The Special Bench of the Income-Tax Appellate Tribunal (ITAT) held that the interest expense considered in tax computation based on Delhi High Court’s direction is not allowable as expenditure while computing business income, as the same is not a legally enforceable liability incurred. This was held in the case of National Agricultural Co-operating Marketing Federation of India Ltd vs JCIT. The tribunal held that where an order directing payment of damages and interest is challenged before appellate forum, no expenditure on account of interest arises till the appeal is disposed off.
The taxpayer had breached certain terms of a contract entered into by it with a non-resident. In an arbitration proceeding initiated by the parties, the arbitrator awarded certain costs to be payable by the taxpayer. In the proceeding for enforcement of the award, a single judge of the Delhi High Court directed the taxpayer to pay, in addition to damages, 18% interest from the date of arbitration till realisation date. On appeal by the taxpayer, a division bench of the Delhi High Court stayed the order of the single judge. While a special leave petition against the division bench order was pending before the Supreme Court, the taxpayer claimed deduction for interest cost awarded by the single judge, though the expense was not recorded in the books of accounts of the taxpayer. The tax officer denied the claim on the grounds that the interest liability was only a contingent liability and had not accrued to it in the books of accounts.
The tribunal observed the following while concluding that 18% interest cannot be allowed as expenditure until the same is crystallised.

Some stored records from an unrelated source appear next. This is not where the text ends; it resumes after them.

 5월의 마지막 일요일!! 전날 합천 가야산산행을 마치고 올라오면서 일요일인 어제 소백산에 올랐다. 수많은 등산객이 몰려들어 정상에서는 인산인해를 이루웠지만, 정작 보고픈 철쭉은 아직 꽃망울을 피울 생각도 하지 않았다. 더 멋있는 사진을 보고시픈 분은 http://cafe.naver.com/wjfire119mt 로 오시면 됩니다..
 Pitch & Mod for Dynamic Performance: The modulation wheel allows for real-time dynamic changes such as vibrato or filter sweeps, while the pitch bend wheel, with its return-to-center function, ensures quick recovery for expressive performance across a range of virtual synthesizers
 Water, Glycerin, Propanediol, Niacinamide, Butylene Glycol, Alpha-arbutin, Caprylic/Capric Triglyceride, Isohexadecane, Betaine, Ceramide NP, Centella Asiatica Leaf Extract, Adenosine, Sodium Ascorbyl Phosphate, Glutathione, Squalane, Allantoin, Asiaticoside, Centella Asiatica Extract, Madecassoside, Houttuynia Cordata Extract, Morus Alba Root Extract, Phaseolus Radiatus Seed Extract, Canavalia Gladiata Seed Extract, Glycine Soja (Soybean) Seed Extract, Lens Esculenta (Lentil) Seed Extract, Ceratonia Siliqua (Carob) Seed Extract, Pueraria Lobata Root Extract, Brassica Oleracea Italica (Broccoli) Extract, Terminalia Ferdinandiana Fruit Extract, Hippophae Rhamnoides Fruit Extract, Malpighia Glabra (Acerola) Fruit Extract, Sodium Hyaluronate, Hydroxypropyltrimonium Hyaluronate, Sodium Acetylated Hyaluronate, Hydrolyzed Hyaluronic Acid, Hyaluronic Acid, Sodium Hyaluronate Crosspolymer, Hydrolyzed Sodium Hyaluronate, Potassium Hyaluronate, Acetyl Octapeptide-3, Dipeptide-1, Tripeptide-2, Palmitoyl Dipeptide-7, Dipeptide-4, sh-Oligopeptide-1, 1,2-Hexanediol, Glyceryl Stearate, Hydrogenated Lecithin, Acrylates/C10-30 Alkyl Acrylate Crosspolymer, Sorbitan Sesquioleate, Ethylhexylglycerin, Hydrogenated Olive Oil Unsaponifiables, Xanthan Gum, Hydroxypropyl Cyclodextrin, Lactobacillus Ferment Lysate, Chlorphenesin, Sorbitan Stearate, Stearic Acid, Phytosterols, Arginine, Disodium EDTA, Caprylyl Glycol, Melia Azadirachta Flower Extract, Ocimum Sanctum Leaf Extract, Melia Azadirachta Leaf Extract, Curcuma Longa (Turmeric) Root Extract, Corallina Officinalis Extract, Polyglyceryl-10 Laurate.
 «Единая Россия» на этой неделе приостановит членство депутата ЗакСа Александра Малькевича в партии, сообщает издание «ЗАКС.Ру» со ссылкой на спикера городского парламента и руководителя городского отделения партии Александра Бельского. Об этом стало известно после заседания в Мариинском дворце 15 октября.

* Contractual liability is not incurred on mere demand-raising by a claimant, but only when such a claim is either acknowledged or in case of non-acceptance, that a final obligation to pay is fastened coupled with the claimant acquiring legal right to receive such amount.
* Except for the taxpayer accepting a contractual claim, his liability to pay does not arise till the legal obligation to pay is fixed on him. Deduction for such a claim can be allowed only on acceptance of claim by the taxpayer or when a competent court passes an order against the taxpayer.
* The liability that was created by the decree of the single judge dated January 28, 2000, remained suspended from the date of stay granted by the division bench of the high court on February 28, 2001. The obligation created by the judgment of the single judge against the taxpayer was eclipsed and frustrated by a later judgment of the division bench and such obligation ceased to exist for the subject years, being assessment years 2001-02 and 2002-03.
* The Delhi High Court in taxpayer’s own case for AY1998-99 held that, when a claim is under dispute, expenditure cannot be said to have accrued to taxpayer.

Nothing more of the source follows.